What Types of Hard Coating Materials Do We Use Over Foam?

uncoated foam is sometimes too fragile for many uses. coating products are formulated to protect against impact and abrasion. It will protect it from wind, rain, snow, moisture, humidity and sunlight that might otherwise degrade the surface, and is meant to provide a protective shell to allow the product to last longer.

There are many different hard coating products out there. For our applications, we like to use Epoxy coating, Polyurea coating, Rubber-Latex coating and Polyurethane coating (both soft and hard).

So what is the difference between each one?

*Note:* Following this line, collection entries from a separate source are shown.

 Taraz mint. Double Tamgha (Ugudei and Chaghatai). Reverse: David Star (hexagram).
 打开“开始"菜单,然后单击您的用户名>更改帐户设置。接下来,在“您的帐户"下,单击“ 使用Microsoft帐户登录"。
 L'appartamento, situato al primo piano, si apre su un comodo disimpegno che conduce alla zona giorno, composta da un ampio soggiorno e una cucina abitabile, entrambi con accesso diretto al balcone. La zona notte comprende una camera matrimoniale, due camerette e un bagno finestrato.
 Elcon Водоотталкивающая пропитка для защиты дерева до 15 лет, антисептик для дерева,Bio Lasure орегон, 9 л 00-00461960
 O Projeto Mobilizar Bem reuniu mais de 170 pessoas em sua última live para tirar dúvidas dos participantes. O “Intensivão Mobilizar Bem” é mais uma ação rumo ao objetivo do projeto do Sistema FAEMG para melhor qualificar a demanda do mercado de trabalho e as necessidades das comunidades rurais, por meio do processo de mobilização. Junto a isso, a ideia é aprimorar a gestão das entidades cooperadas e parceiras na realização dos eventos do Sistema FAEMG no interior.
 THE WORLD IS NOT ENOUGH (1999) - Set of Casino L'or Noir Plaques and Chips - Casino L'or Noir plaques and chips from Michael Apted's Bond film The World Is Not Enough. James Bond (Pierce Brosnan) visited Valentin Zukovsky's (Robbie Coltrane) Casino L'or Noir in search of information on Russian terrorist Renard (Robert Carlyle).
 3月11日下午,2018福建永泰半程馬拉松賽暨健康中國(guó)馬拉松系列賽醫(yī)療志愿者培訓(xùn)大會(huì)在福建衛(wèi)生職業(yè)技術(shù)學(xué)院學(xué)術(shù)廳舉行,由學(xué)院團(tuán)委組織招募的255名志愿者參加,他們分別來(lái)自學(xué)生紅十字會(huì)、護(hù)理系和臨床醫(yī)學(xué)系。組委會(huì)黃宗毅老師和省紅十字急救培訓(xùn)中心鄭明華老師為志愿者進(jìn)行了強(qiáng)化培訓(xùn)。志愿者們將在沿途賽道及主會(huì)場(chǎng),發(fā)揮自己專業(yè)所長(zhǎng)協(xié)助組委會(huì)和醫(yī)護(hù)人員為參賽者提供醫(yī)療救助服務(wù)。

What are the pros and cons of each and how do we decide when to use either one?

We use Epoxy hard coating for any foam product we fabricate where the customer requires a thin protective shell / if the product needs to be placed outside for a limited length of time (up to 2 month for ex) / for foam products that need to be placed in water such as pool letters. The epoxy, easily available, provides a shiny glossy look and a relatively smooth finish look. It does protect for a limited time but might not last a life-time since it’s thin. Some require sanding and patching after coating and prior to painting for a smoother texture finish.


The epoxy is applied by brushing or rolling it on the foam. Usually 1-2 coats will do the trick, sometimes a 3rd coat is required for extra protection. We let it dry completely for up to 24 hours (it cures at room temperature, best at around 75F degrees, but will cure between 60F-90F as well) , then we sand or prime or paint with acrylic paint.

It is a two part system with a resin to hardener mix ratio.

The epoxy is great for protecting signs, logos, letters, props, architectural facades and precast molds. The drawback of using epoxy is that upon impact it may crack or break, but it is an economical solution.

For a thicker, stronger coating, we turn to the Polyurea material (also known as Bed Liner). This is true if the project will be placed outdoors for a long period of time, if people will touch it, or if it needs to last a life-time. It is sometimes used as a replacement for fiberglass coating, as it is durable, strong. And water tight.

The Polyurea is more expensive than the epoxy and is a much more complex application process. It is usually sprayed on using a plural component sprayer system. For this process, you must have good experience and training applying the material to be done correctly and it needs to be sanded prior to priming and painting. After application, the sprayer needs to be cleaned very well or else particles might clog it and it would not work, not letting the coating material flow out for next use.

The Polyurea material cures rapidly in a matter of seconds and is hard to the touch yet stays flexible throughout its life. There are many flavors of Polyurea - Ranging from very hard like plastic and brittle to rubber-like. It is a great solution for spraying large surfaces (we even spray airplane hangers with it and other floorings), it’s waterproof and also comes in a fire retardant option.

The downside is that the material and process are expensive, as well as it requires constant machine maintenance.

Polyurea can be sprayed on any material ranging from foam, plastics, cardboard, wood, cement, and metals.

There are subcategories of the polyurea, such as StyroSpray1000. It achieves a thinner coat that is sprayed, brushed or rolled on. It is a cheaper process, yet it might be more dripping and requires more sanding and works best at humid environments.

Another protective shell we use is Polyurethane coating. It is good for industrial, art-related and hobbyist projects, and is available as rigid or semi-rigid resins. One type of urethane coating we like to use is the Rubber-Latex coating.


In cases where we want to provide a flexible, yet tough, strong and impact resistant coating, we use a rubber-latex coating finish by brushing it onto the surface. It is actually a flexible type of coating (creates a feeling of almost a squashy bounce ball). It bonds nicely onto different types of materials, such as EPS foam, fabric, metals, plastics and wood. This coating provides surface protection, flexibility and resistance to UV, abrasion and chemicals. It sets almost immediately, but cures in a matter of hours (sometimes taking up to 24 hours to completely cure) and cannot be sanded.

There are many other types of coatings out there, such as gel coat, fiberglass, plasters, cement and more. The type of hard coating we choose to use depends on the material and texture to be coated, the shape itself (if it has grooves and indentations that the coating materials needs to flow into), the finish needed (smooth vs semi-smooth) and the customer’s budget and turn around requirements for the project.